▶ **Action item**:
Write the records out again exactly as they read, dropping any picture they hold.

Collected data
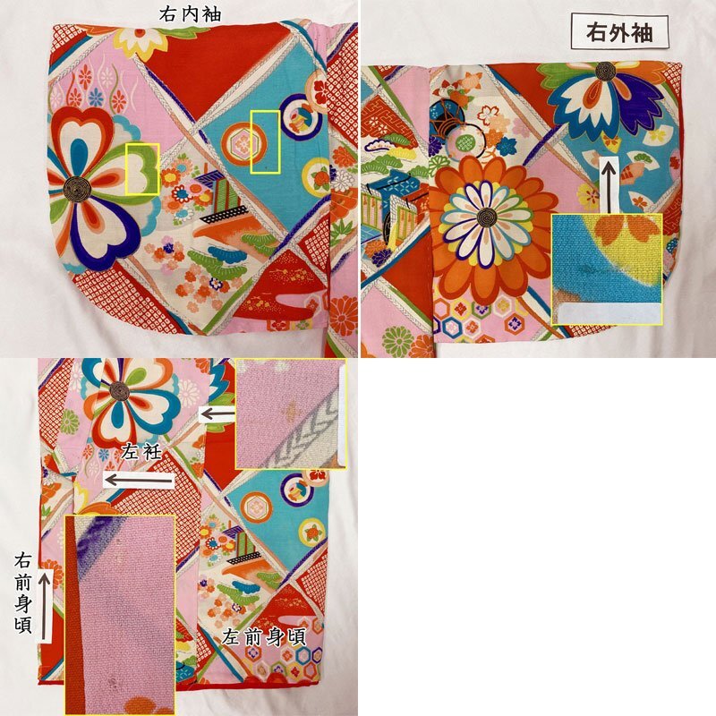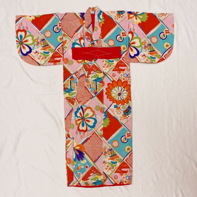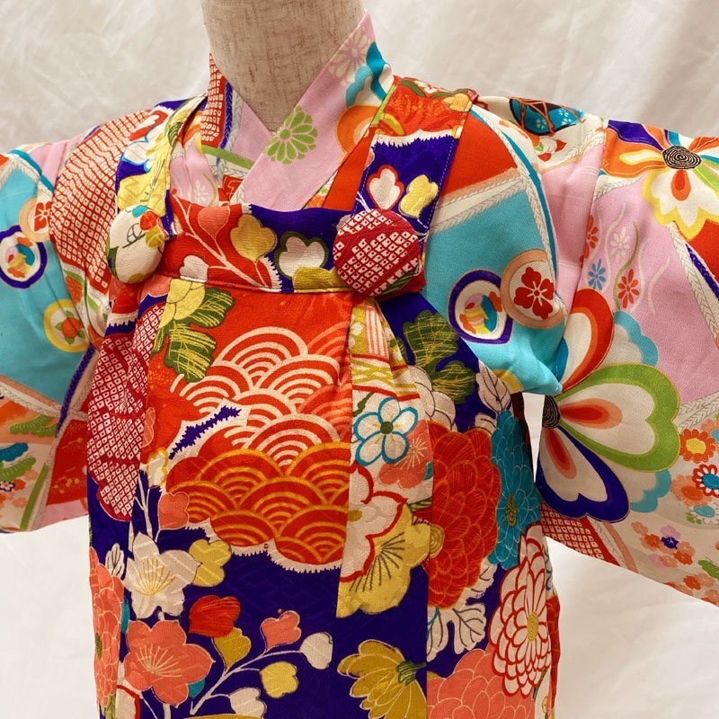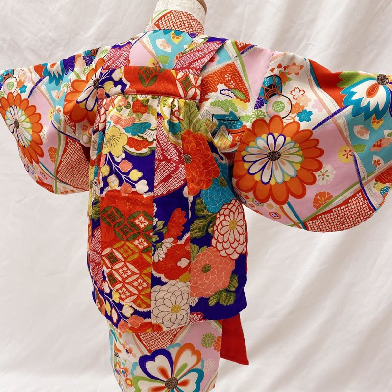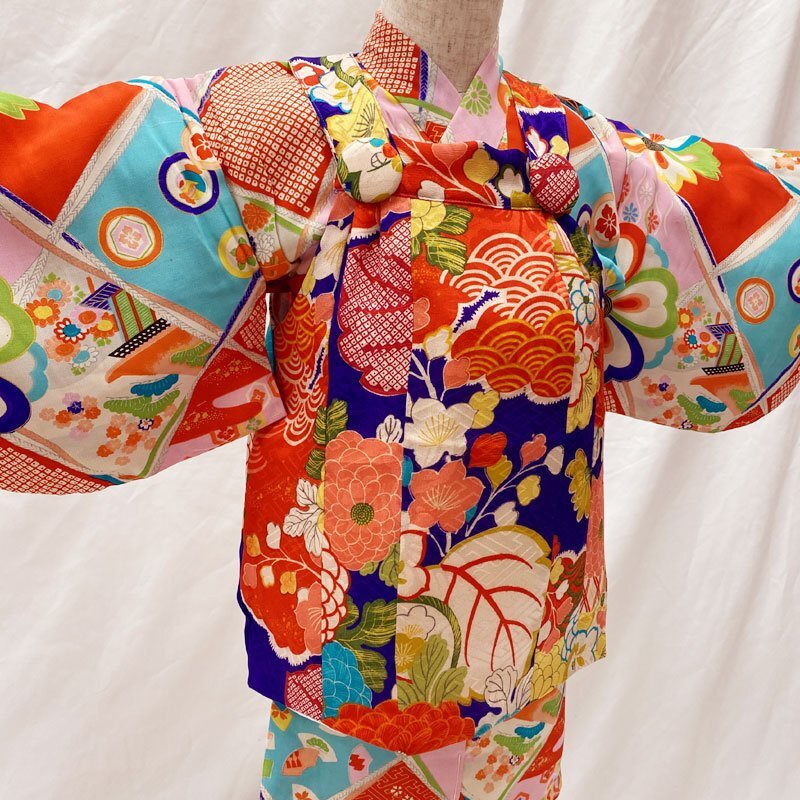 | ◎ベビー着物&被布 女児 お宮参り セミアンティーク 花◎美品 (No.gd) こちらの商品は、着物と被布のセットです。朱色、ピンク色の地に、御所車、鼓、花文様などがある総柄の可愛らしい女の子のセミアンティークのベビー着物とハンドメイド被布のセットです。 着物に中綿が入っており温かみがございます。お宮参りの掛け着の下やお正月、お節句などにもご利用いただけます。体型にもよりますが、大体2歳前後までご利用いただけます。 (着物)一つ身です。しつけ付きの未使用品ですが、保管時にできたと思われる極薄いシミやダメージがございます。ところどころに染ムラもございますが、どれも目立ちません。セミアンティークの風合いとお考え下さい。トルソーへの着付けのため、付紐と左衿のしつけ糸を取っております。 (でんち)着なくなった中古品のセミアンティークの正絹着物をリメイクしたハンドメイド品です。中綿を入れておりません。染ムラがございますが、目立ちません。セミアンティークの風合いとお考え下さい。ハンドメイド品ですので、完璧を求める方はご遠慮ください。 【表地素材】(着物)正絹、(被布)正絹 【色】朱色、ピンク系 *モニターによって色味は実際と異なる場合がございます。 【サイズ】(着物) 裄:38.2cm、肩上げ幅:-cm、丈(肩から):83.2cm、腰上げ幅:-cm、前幅:14.2cm、後幅:15.5cm *素人採寸のため、多少の誤差はご容赦ください。 お求め安い価格での出品ですので、いかがでしょうか? | |
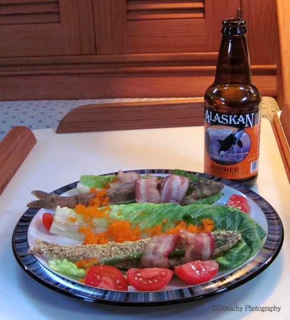 Freshly caught smelt prepared two ways: In the foreground, the fish was rolled in polenta. The smelt in back was dusted in seasoned flour. The fish were pan fried, wrapped in bacon and placed on whole leaves of Romain lettuce to be eaten from head to tail, bones and all. A sprig of asparagus and a few dollops of bright orange flying fish roe (tobiko) finishes the lettuce taco.
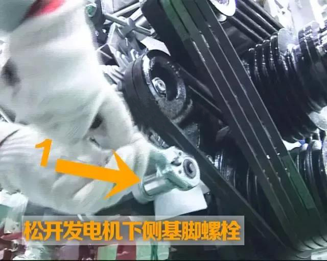 第二步:旋松調(diào)整螺栓,將發(fā)電機(jī)皮帶調(diào)整為規(guī)定的松緊度后,擰緊安裝螺母和調(diào)整螺母。
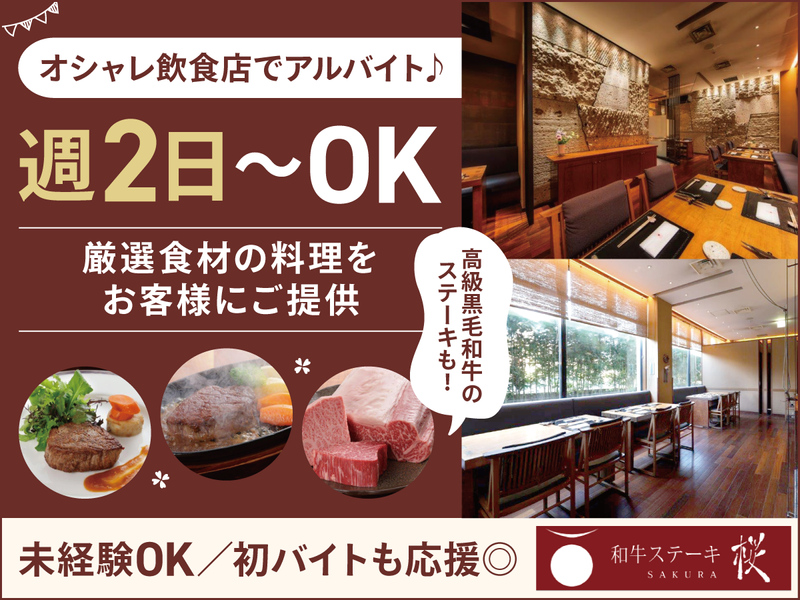 仕事内容 \バイトデビュー応援!/ 【 土日祝いずれか含む週3日~OK! 】 《お肉好き必見》黒毛和牛の厳選ステーキが 焼ける贅沢な香り溢れるキッチンでのお仕事 *まかないあり!お肉好きな方も大歓迎! *学生活躍中!学業との両立も可能です! 「 学校が休みの土日メインに働きたい 」 「 学校ある日はサクッと休みはがっつり 」 …など働き方は気軽にご相談くださいね。 -・-・・-・-・・-・-・・-・- <仕事内容> シックな雰囲気の和牛ステーキ店での ホールスタッフをお任せします。 ( 具体的には… ) 〇接客・レジ 〇席へのご案内 〇料理の提供 など 《 バイトデビューも応援 》 仕事は一つずつ丁寧に教えていきます。 マニュアルがあるので、 安心してスタートできる環境です! できることを少しずつ増やしていきましょう -・-・・-・-・・-・-・・-・- 【 和牛ステーキ 桜 】 A4・A5ランクの黒毛和牛、有機野菜 など厳選した食材を使った料理で 「贅沢なひと時」をご提供するお店。 誕生日や記念日といった 「特別な日」に来店されるお客様も 多いお店です。 オシャレ空間で働きたい方や、 落ち着いた雰囲気のお店で働きたい 方にもオススメですよ。 【HP】https://www.steak-sakura.net/
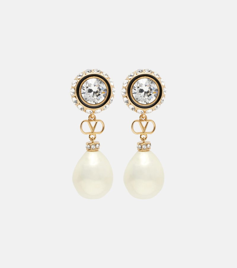 These VLogo drop earrings from Valentino carry a shimmering sparkle with them. Crafted from gold-toned brass, this pair features two Baroque-shaped glass pearls and round-cut crystal embellishments.
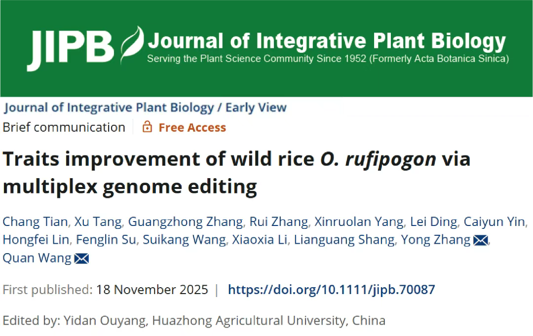 近日,中国农业科学院深圳农业基因组研究所(岭南现代农业科学与技术广东省实验室深圳分中心)汪泉课题组联合西南大学/电子科技大学张勇课题组在《植物学报(英文版)(Journal of Integrative Plant Biology)》上发表题为“Traits improvement of wild rice O. rufipogon via multiplex genome editing”的研究论文。该研究利用基因编辑技术对两种野生稻材料的多个关键农艺性状基因进行改良,解决了野生稻匍匐生长、长芒、易落粒等不利于农业生产的问题。这一成果有助于更好地利用野生稻资源,扩大水稻育种的遗传多样性选择范围,为水稻种质创新与粮食安全保障提供了关键技术支撑。
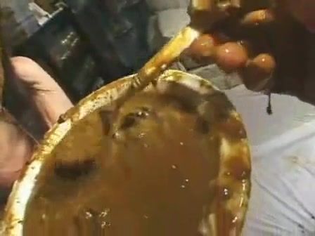 Japanese girl sits on her knees while her boyfriend is forcing her to eat poop with a metallic spoon.

▶ **Answer space**:
 | ◎ベビー着物&被布 女児 お宮参り セミアンティーク 花◎美品 (No.gd) こちらの商品は、着物と被布のセットです。朱色、ピンク色の地に、御所車、鼓、花文様などがある総柄の可愛らしい女の子のセミアンティークのベビー着物とハンドメイド被布のセットです。 着物に中綿が入っており温かみがございます。お宮参りの掛け着の下やお正月、お節句などにもご利用いただけます。体型にもよりますが、大体2歳前後までご利用いただけます。 (着物)一つ身です。しつけ付きの未使用品ですが、保管時にできたと思われる極薄いシミやダメージがございます。ところどころに染ムラもございますが、どれも目立ちません。セミアンティークの風合いとお考え下さい。トルソーへの着付けのため、付紐と左衿のしつけ糸を取っております。 (でんち)着なくなった中古品のセミアンティークの正絹着物をリメイクしたハンドメイド品です。中綿を入れておりません。染ムラがございますが、目立ちません。セミアンティークの風合いとお考え下さい。ハンドメイド品ですので、完璧を求める方はご遠慮ください。 【表地素材】(着物)正絹、(被布)正絹 【色】朱色、ピンク系 *モニターによって色味は実際と異なる場合がございます。 【サイズ】(着物) 裄:38.2cm、肩上げ幅:-cm、丈(肩から):83.2cm、腰上げ幅:-cm、前幅:14.2cm、後幅:15.5cm *素人採寸のため、多少の誤差はご容赦ください。 お求め安い価格での出品ですので、いかがでしょうか? | |
 Freshly caught smelt prepared two ways: In the foreground, the fish was rolled in polenta. The smelt in back was dusted in seasoned flour. The fish were pan fried, wrapped in bacon and placed on whole leaves of Romain lettuce to be eaten from head to tail, bones and all. A sprig of asparagus and a few dollops of bright orange flying fish roe (tobiko) finishes the lettuce taco.
 第二步:旋松調(diào)整螺栓,將發(fā)電機(jī)皮帶調(diào)整為規(guī)定的松緊度后,擰緊安裝螺母和調(diào)整螺母。
 仕事内容 \バイトデビュー応援!/ 【 土日祝いずれか含む週3日~OK! 】 《お肉好き必見》黒毛和牛の厳選ステーキが 焼ける贅沢な香り溢れるキッチンでのお仕事 *まかないあり!お肉好きな方も大歓迎! *学生活躍中!学業との両立も可能です! 「 学校が休みの土日メインに働きたい 」 「 学校ある日はサクッと休みはがっつり 」 …など働き方は気軽にご相談くださいね。 -・-・・-・-・・-・-・・-・- <仕事内容> シックな雰囲気の和牛ステーキ店での ホールスタッフをお任せします。 ( 具体的には… ) 〇接客・レジ 〇席へのご案内 〇料理の提供 など 《 バイトデビューも応援 》 仕事は一つずつ丁寧に教えていきます。 マニュアルがあるので、 安心してスタートできる環境です! できることを少しずつ増やしていきましょう -・-・・-・-・・-・-・・-・- 【 和牛ステーキ 桜 】 A4・A5ランクの黒毛和牛、有機野菜 など厳選した食材を使った料理で 「贅沢なひと時」をご提供するお店。 誕生日や記念日といった 「特別な日」に来店されるお客様も 多いお店です。 オシャレ空間で働きたい方や、 落ち着いた雰囲気のお店で働きたい 方にもオススメですよ。 【HP】https://www.steak-sakura.net/
 These VLogo drop earrings from Valentino carry a shimmering sparkle with them. Crafted from gold-toned brass, this pair features two Baroque-shaped glass pearls and round-cut crystal embellishments.
 近日,中国农业科学院深圳农业基因组研究所(岭南现代农业科学与技术广东省实验室深圳分中心)汪泉课题组联合西南大学/电子科技大学张勇课题组在《植物学报(英文版)(Journal of Integrative Plant Biology)》上发表题为“Traits improvement of wild rice O. rufipogon via multiplex genome editing”的研究论文。该研究利用基因编辑技术对两种野生稻材料的多个关键农艺性状基因进行改良,解决了野生稻匍匐生长、长芒、易落粒等不利于农业生产的问题。这一成果有助于更好地利用野生稻资源,扩大水稻育种的遗传多样性选择范围,为水稻种质创新与粮食安全保障提供了关键技术支撑。
 Japanese girl sits on her knees while her boyfriend is forcing her to eat poop with a metallic spoon.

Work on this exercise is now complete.